Targeting cancer's metabolic co-dependencies: A landscape shaped by genotype and tissue context

Abstract

Tumors cells reprogram their metabolism to fuel rapid growth. The ability to trace nutrient fluxes in the context of specific alterations has provided new mechanistic insight into the process of oncogenic transformation. A broad array of complementary genetic, epigenetic, transcriptional and translational mechanisms has been identified, revealing a metabolic landscape of cancer. However, cancer metabolism is not a static or uniform process, including within a single tumor. Tumor cells adapt to changing environmental conditions, profoundly shaping the enzymatic dependencies of individual cells. The underlying molecular mechanisms of adaptation, and the specific interactions between tumor genotype, oncogenic signaling, and tissue/biochemical context, remain incompletely understood. In this review, we examine dynamic aspects of how metabolic dependencies develop in cancer, shaped both by genotype and biochemical environment, and review how these interlaced processes generate targetable metabolic vulnerabilities. This article is part of a Special Issue entitled: Cancer Metabolism edited by Dr. Chi Van Dang.

Keywords: Cancer metabolism; Heterogeneity; Metabolic co-dependency; Oncogenic signaling; Tissue context; ecDNA.

Fig. 1. Oncogenic signaling reprograms metabolism of cancer cells to support rapid cell growth

PI3K-AKT-mTOR signal promotes glucose uptake, glycolysis and the flux of glucose carbon into fatty acids, lipid and nucleotides. Transcriptional factor MYC further enhances the glycolysis while also facilitates glutamine uptake and utilization, fatty acids, lipid and nucleotides de novo synthesis. Ras induces macropinocytosis as an alternative way of amino acids uptake. Filled green triangle target genes/pathways for PI3K; filed green circle target genes/pathways for AKT; filled green square target genes/ pathways for mTORC1; filled orange star target genes/pathways for MYC; filled pink triangle target process for Ras. GLUT1, Glucose transporter 1; MCT1, Monocarboxylate transporters 1; HK, Hexokinase; PKM, Pyruvate kinase; LDH, Lactate dehydrogenase; PDH, Pyruvate dehydrogenase; GDH, Glutamate dehydrogenase; GLS, Glutaminase; ACL, ATP citrate lyase; HMGCR, Hydroxymethylglutaryl-CoA reductase; ACC, Acetyl-CoA carboxylase; FASN, Fatty acid synthase; ASCT2, ASC amino acid transporter 2; G6P, Glucose 6-phosphate; 3PG, Glycerate 3-phosphate; PEP, Phosphoenolpyruvate; R5P, Ribose 5-phosphate; PPRP, Phosphoribosyl pyrophosphate; α-KG, α-ketoglutarate.

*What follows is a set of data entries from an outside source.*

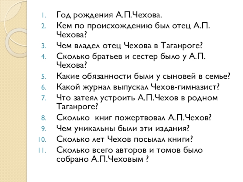 Год рождения А.П.Чехова.Кем по происхождению был отец А.П.Чехова?Чем владел отец Чехова в Таганроге?Сколько братьев и сестер было у А.П.Чехова?Какие обязанности были у сыновей в семье?Какой журнал выпускал Чехов-гимназист?Что затеял устроить А.П.Чехов в родном Таганроге?Сколько книг пожертвовал
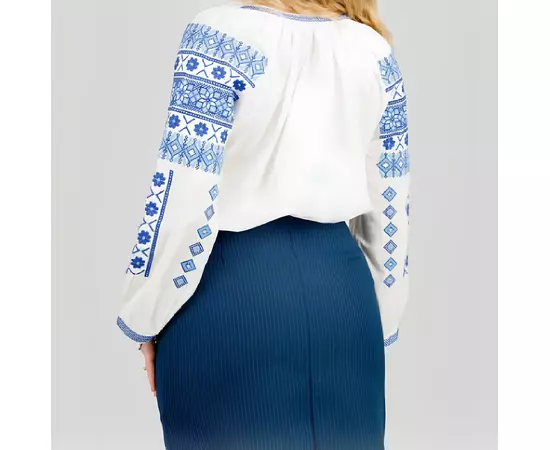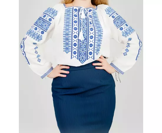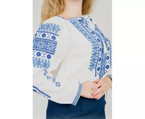 Bluza Tip Ie Alba cu Motiv Floral Albastru - BMG81
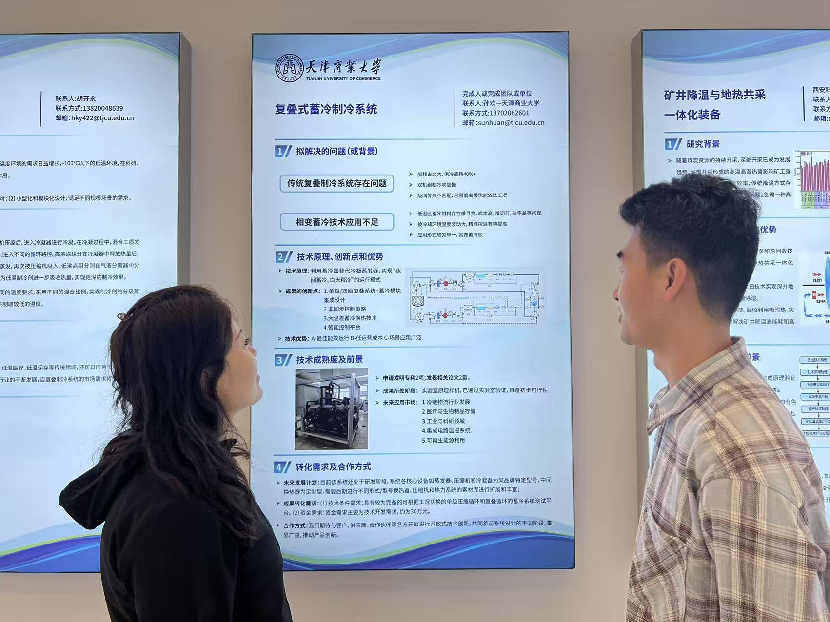 在路演专区的技术路演板块,共有来自17所高校、研究院所的50个项目以“海报+实物”的形式展出,其中星空刘斌教授的“多物理场耦合保鲜舱”、胡开永副教授的“基于物理模型和大数据的制冷系统设计软件”、赵松松副教授的“基于平行板电容器原理的智能除霜控制研究”等12个项目入选。在此基础上,从50个项目中进一步遴选出20个项目在路演专区面向企业组织宣讲会,孙欢教授级高级工程师的“复叠式蓄冷制冷系统”、代宝民教授的“小型制冷装置部件及系统仿真软件开发”2个项目成功入围宣讲会。星空参展的科技成果,集中在工业及商用制冷及相关部件,压缩机、换热器、阀件与其他辅助部件,空气处理、控制设备与系统,应对气候变化及其他产品技术4个方向。

Fig. 2. Metabolic co-dependency of cancer cells shaped by environment and the interactions between environment, oncogenic signaling and genomic alternations

(A) Nutrient availability in the microenvironment determines metabolic dependencies of cancer cells. Cancer cells can synthesize proteins, lipids and nucleotides from different sources of nutrients, either through directly uptake from the environment or through synthesis from intermediate metabolites. (B) The interactions between environment, oncogenic signaling and genomic alternation, select favorable metabolic profiles and oncogenic signatures for tumor cells, contributing to tumor heterogeneity, tumor aggressiveness and therapeutic resistance. Metabolic stress from environment and oncogenic signaling influents DNA and histone modification of tumor cells. As a quick response, extrachromosomal DNA (ecDNA) profoundly contributes to accelerated tumor evolution and intratumoral genetic heterogeneity. Tumors also accumulate amplifications, mutations and deletions in their genome, which alters the metabolic and signaling profiles of cancer cells.

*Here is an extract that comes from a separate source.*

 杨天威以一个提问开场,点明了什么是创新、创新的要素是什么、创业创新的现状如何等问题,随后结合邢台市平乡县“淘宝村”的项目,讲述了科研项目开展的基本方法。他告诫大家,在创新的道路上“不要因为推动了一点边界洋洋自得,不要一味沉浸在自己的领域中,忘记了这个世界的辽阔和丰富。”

Fig. 3. Targeting metabolic co-dependency in cancer

(A) Mutations of SDHs and FH genes lead to accumulation of their individual substrates succinate and fumarate. Mutated IDHs acquire new function to convert α-KG into R-2-HG. These metabolites can inhibit α-KG dependent dioxygenases, and subsequently abolish HIF de-stabilization and DNA, histone demethylation. (B) When a metabolic gene recurrently co-amplified with a nearby oncogene, either in the form of chromosomal or extrachromosomal DNA, can drive the metabolic flux to a specific direction to aid malignant transformation, creating a metabolic co-dependency. Hitting co-amplified metabolic gene is a potential strategy to halt cancer cells. (C) Metabolic flux in normal cells comprises parallel or redundant pathways with feedback regulation mechanism, allowing metabolic plasticity. Metabolic gene co-deletion with a tumor suppressor impairs the plasticity, creating the potential to exploit synthetic lethality. (D) Oncogenes confer uncontrolled cell growth by providing sustained mitotic signal and reprogramming metabolism. Targeting reprogrammed metabolism becomes an alternative strategy when oncogene is not ideally druggable.